Please, let Brightspeed know you found this job
on RemoteYeah.
This helps us grow 🌱.
Description:
Brightspeed is seeking a Principal Site Reliability Engineer to join their team, focusing on implementing and maintaining monitoring systems for business-critical systems and infrastructure.
The role involves responding to system outages and performance issues, performing root cause analysis to prevent recurrence.
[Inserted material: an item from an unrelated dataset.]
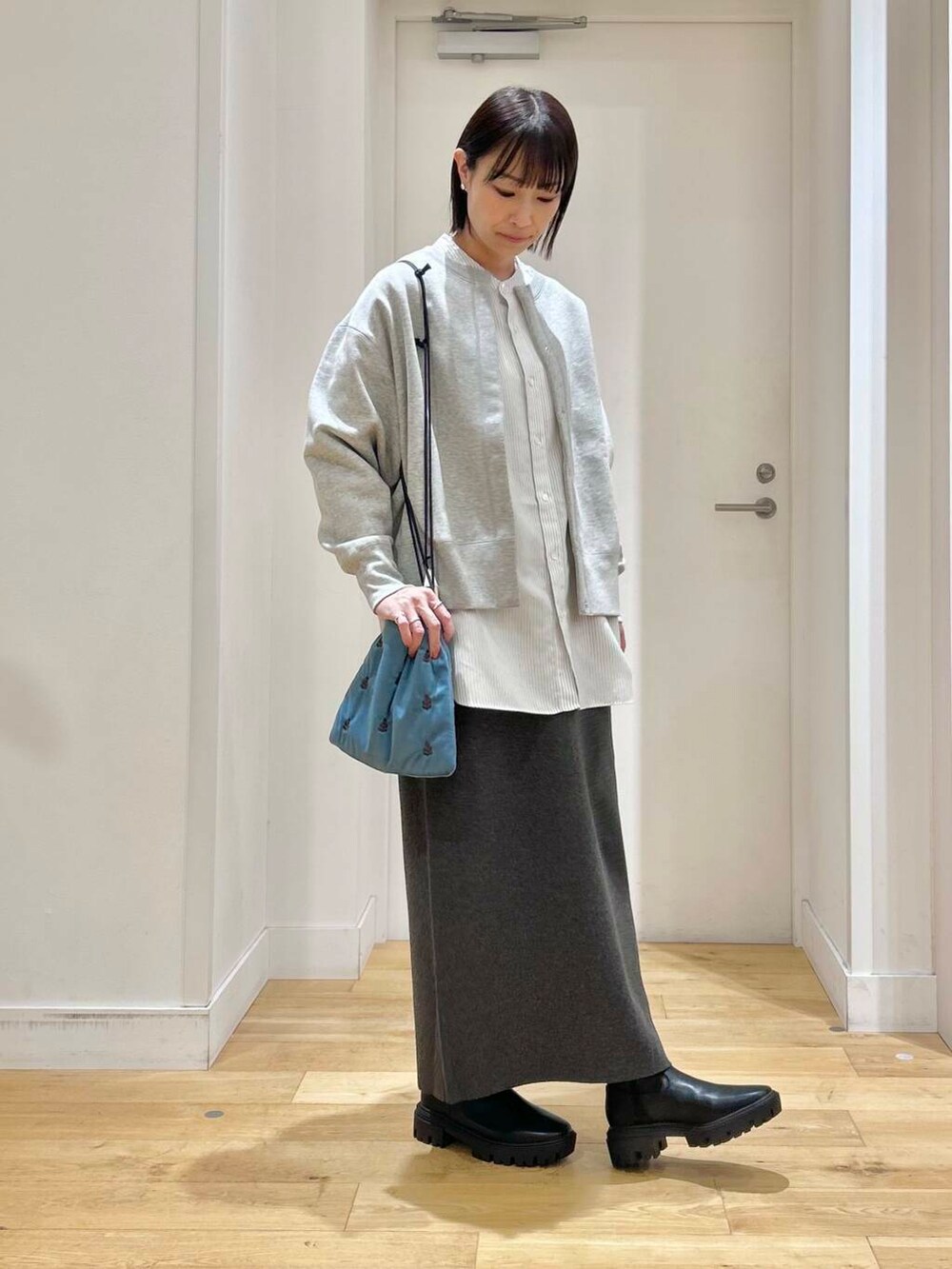 ボタンが目立たないシンプルなデザインなので、着回しもしやすいですよ◎

Responsibilities include developing scripts and tools to automate repetitive tasks, ensuring new services and features are reliable and scalable, and working on reducing latency and improving data transmission speed.
The engineer will define and measure Service Level Objectives (SLOs) and Service Level Indicators (SLIs) to meet performance and availability targets.
Conducting postmortems after incidents to identify improvements and collaborating with Lead Application owners and Change Management for code reviews and deployments are also key duties.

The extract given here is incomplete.